Ainsi, "Sur les rives des fleuves de Babylone, là nous nous assîmes" = pourquoi cela? ; car "nous pleurâmes au souvenir de Sion" = nous n'avons pas pleuré auparavant.

Les eaux inférieures se sont mises à pleurer avec pour objectif : créer davantage de proximité avec D.

[certes dans la Création du monde, elles devaient être séparées des eaux inférieures, mais elles n'acceptaient pas de perdre leur état de proximité avec Hachem. Les juifs auraient dû faire de même avec la perte imminente du Temple.]

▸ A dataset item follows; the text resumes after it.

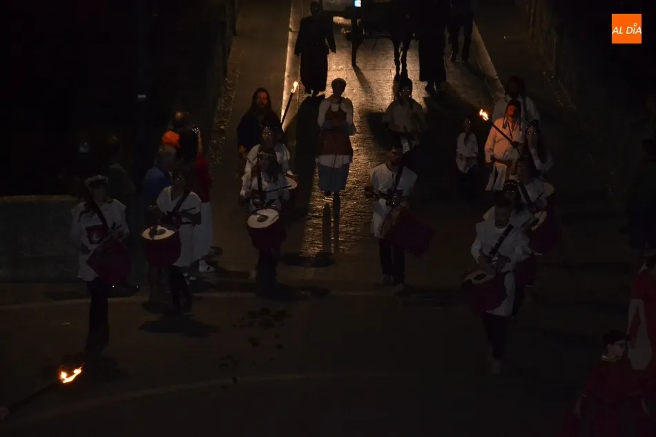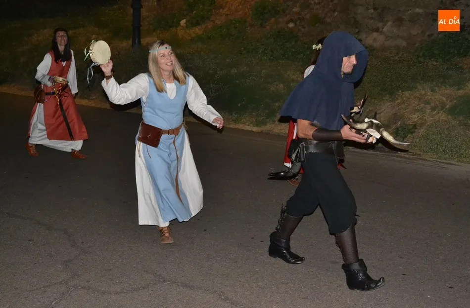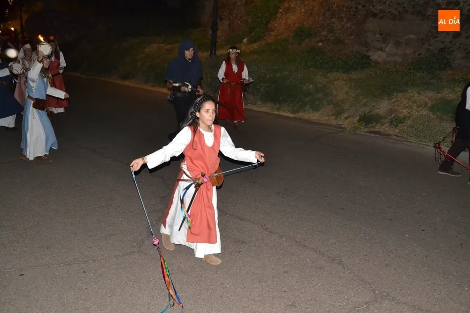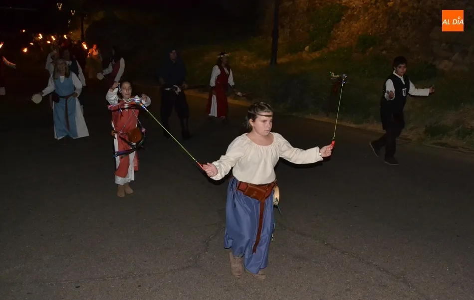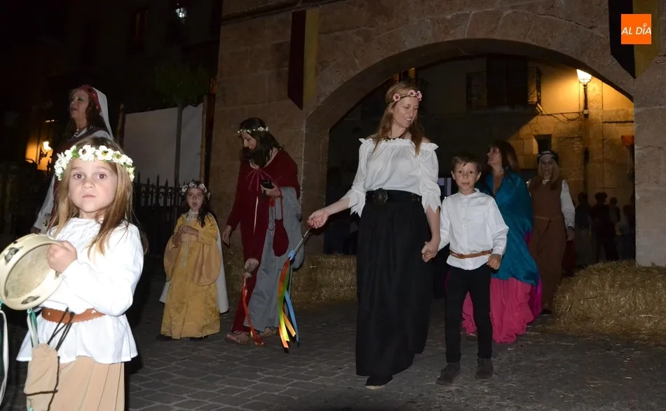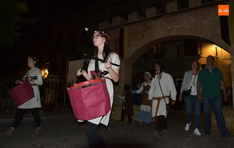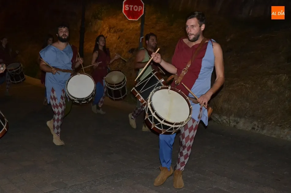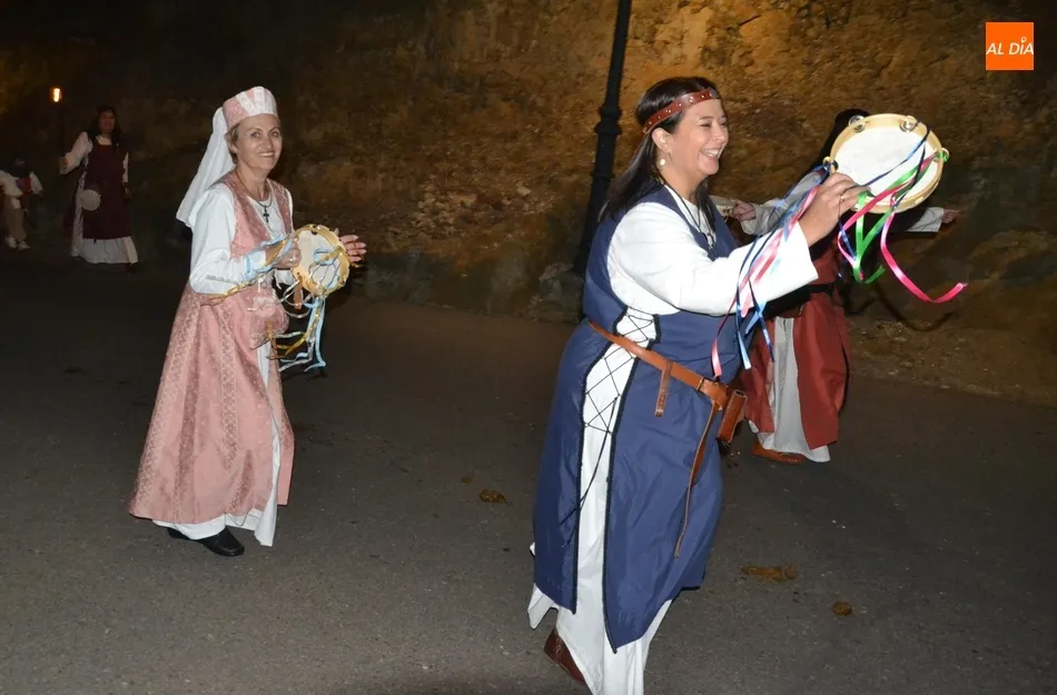 Además de los propios integrantes de Rodericus ejerciendo varias funciones: portando antorchas, tocando tambores, llevando aves o bailando cariocas, el desfile contó con la participación de varios de los grupos invitados de la Feria de este año, como el grupo de Tambores y saltimbancos Santa María, el grupo humorístico Jenus, o Popy Vegas, que ofrecerá cuentacuentos en los jardines de la Plazuela del Castillo.

=> Nous apprenons de là, que nos larmes (qui sont de l'eau salées à l'image des eaux inférieures) doivent avoir cette même finalité.
En effet, elles ne doivent pas être gaspillées. On ne pleure pas pour s’apitoyer sur notre sort, on pleure, car c’est le langage de de notre âme, du plus profond de nous même, exprimant notre désir intense de vivre au plus proche de D.

[on apprend aussi le pouvoir phénoménal des larmes, à l'image des eaux inférieures qui ont eu gain de cause, et même bien plus : en étant proche de D. d'une manière active par les juifs, les enfants de Hachem!]